-- Exercise instructions --
Look through the data below. Pick out the lines holding the string "para".

:: Records supplied

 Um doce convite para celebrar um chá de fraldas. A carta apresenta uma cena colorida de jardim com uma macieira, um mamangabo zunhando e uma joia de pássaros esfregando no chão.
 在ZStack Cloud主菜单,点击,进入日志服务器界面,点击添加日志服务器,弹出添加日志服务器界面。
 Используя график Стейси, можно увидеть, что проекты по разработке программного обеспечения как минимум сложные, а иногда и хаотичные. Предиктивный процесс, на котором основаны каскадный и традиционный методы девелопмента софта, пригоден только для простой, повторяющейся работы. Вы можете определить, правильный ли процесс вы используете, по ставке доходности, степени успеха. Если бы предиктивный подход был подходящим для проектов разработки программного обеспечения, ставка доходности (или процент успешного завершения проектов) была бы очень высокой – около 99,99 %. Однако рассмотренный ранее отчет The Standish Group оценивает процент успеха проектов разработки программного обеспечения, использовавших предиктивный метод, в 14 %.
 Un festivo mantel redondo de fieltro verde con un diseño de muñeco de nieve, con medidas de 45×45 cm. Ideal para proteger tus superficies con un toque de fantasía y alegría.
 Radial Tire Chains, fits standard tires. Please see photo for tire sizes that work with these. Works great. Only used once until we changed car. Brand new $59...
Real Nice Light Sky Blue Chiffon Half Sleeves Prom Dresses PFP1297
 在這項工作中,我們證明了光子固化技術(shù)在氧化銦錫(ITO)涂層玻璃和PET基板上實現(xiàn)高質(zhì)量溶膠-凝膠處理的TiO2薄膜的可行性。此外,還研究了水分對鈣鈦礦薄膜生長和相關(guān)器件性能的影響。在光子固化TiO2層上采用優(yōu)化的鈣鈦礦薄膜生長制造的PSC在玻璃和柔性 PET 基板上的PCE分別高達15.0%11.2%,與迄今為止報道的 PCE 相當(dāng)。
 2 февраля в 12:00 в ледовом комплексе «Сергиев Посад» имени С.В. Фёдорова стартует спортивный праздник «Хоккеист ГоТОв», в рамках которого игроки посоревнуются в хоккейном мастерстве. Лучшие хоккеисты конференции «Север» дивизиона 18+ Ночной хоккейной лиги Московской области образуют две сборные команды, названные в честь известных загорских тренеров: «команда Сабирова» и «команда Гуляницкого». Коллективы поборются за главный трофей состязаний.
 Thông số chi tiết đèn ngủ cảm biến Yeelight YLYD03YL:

::::

-- Result --
 Um doce convite para celebrar um chá de fraldas. A carta apresenta uma cena colorida de jardim com uma macieira, um mamangabo zunhando e uma joia de pássaros esfregando no chão.
 Un festivo mantel redondo de fieltro verde con un diseño de muñeco de nieve, con medidas de 45×45 cm. Ideal para proteger tus superficies con un toque de fantasía y alegría.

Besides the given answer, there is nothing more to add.